Source data:
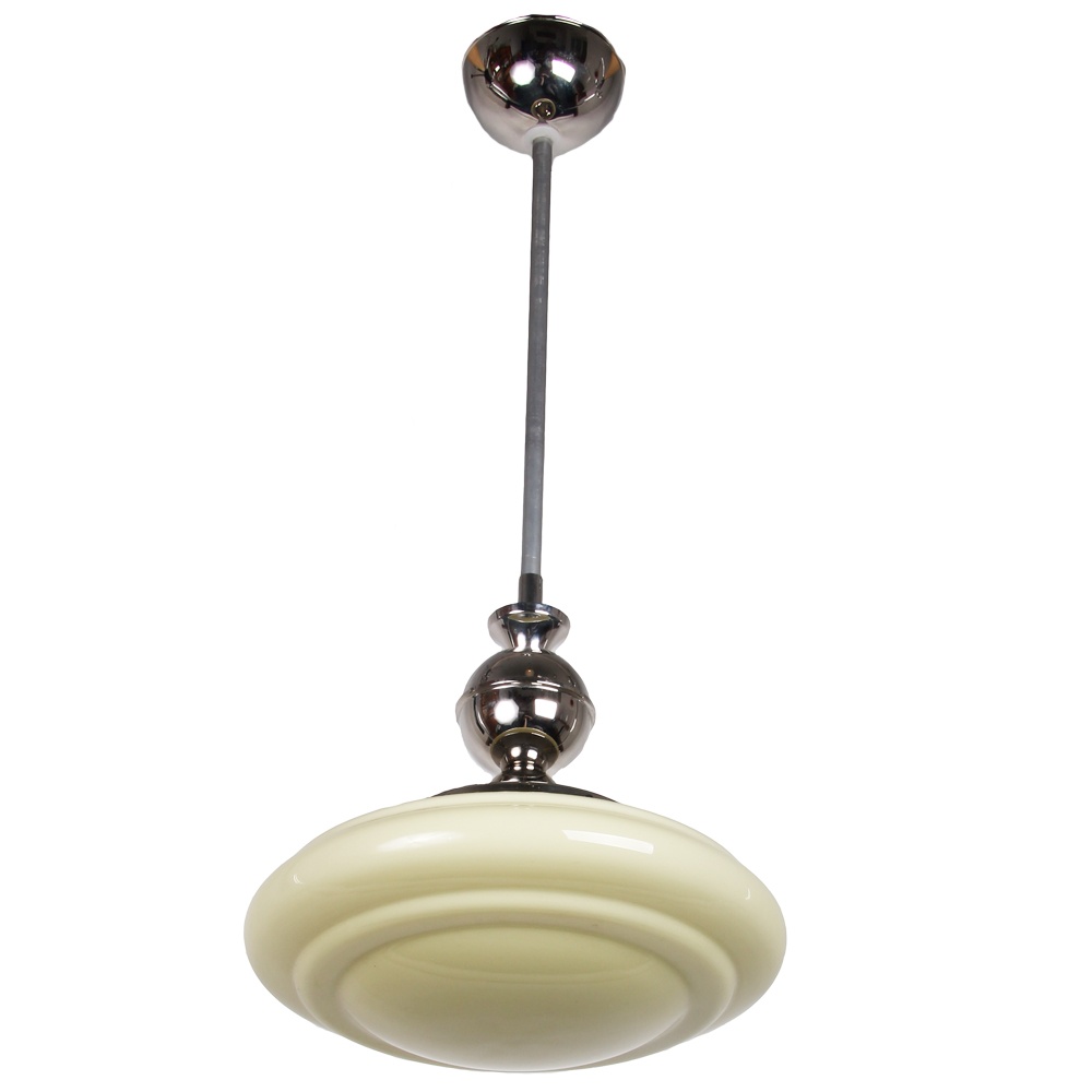 Predam luster - [19.2. 2026]luster je retro závesný luster z 30.–40. rokov, štýl art deco / raný funkcionalizmus.
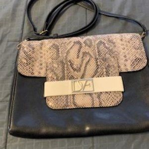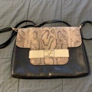 DVF Black Leather and Snakeskin Mimosa Clutch
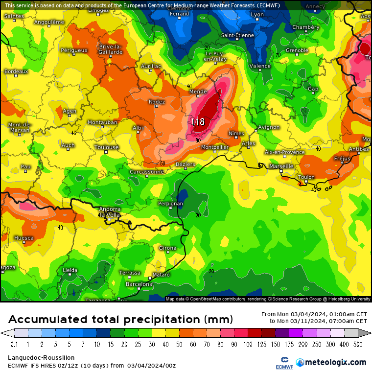 Sur la base des modélisations actuelles, une dégradation active est susceptible de se produire autour de vendredi. Nous misons pour le moment sur une faible activité du Roussillon au Biterrois en passant par l'Aude (quelques mm) mais de précipitations plus marquées toujours sur l'Est de l'Hérault, le Gard et la Lozère. Avec la persistance de l'air frais en altitude, il devrait s'agit de chutes de neige significatives au-dessus de 1000 à 1200 m de l'Aigoual à la Lozère.
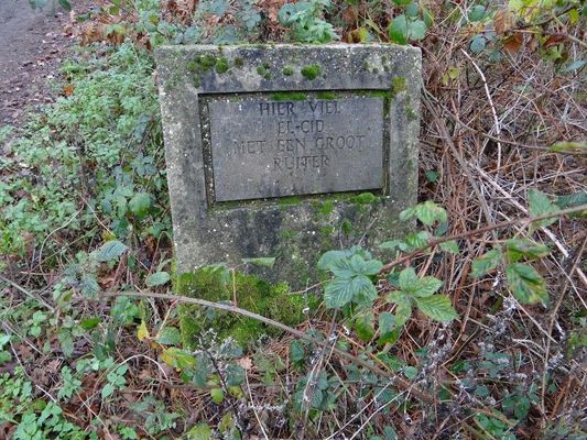Gedenksteen met opschrift: "HIER VIEL EL-CID MET EEN GROOT RUITER". Onderaan de steen staat de afbeelding van een paardenhoofd. Googlen levert het volgende op: in 1986 viel een Lommelse bioscoop-eigenaar in beschonken toestand van zijn paard. Het paard heette El-Cid en was op slag dood maar de ruiter overleefde de val. De steen zou een macaber grapje zijn van zijn rijke vrienden. Info komt uit de serie "Merlijn over de grens" van omroep Brabant die het weer van de Bergeijkse heemkunde-vereniging heeft.

Brief: The data is to be returned exactly as it stands, pictures aside.

Task solution:
 Predam luster - [19.2. 2026]luster je retro závesný luster z 30.–40. rokov, štýl art deco / raný funkcionalizmus.
 DVF Black Leather and Snakeskin Mimosa Clutch
 Sur la base des modélisations actuelles, une dégradation active est susceptible de se produire autour de vendredi. Nous misons pour le moment sur une faible activité du Roussillon au Biterrois en passant par l'Aude (quelques mm) mais de précipitations plus marquées toujours sur l'Est de l'Hérault, le Gard et la Lozère. Avec la persistance de l'air frais en altitude, il devrait s'agit de chutes de neige significatives au-dessus de 1000 à 1200 m de l'Aigoual à la Lozère.
Gedenksteen met opschrift: "HIER VIEL EL-CID MET EEN GROOT RUITER". Onderaan de steen staat de afbeelding van een paardenhoofd. Googlen levert het volgende op: in 1986 viel een Lommelse bioscoop-eigenaar in beschonken toestand van zijn paard. Het paard heette El-Cid en was op slag dood maar de ruiter overleefde de val. De steen zou een macaber grapje zijn van zijn rijke vrienden. Info komt uit de serie "Merlijn over de grens" van omroep Brabant die het weer van de Bergeijkse heemkunde-vereniging heeft.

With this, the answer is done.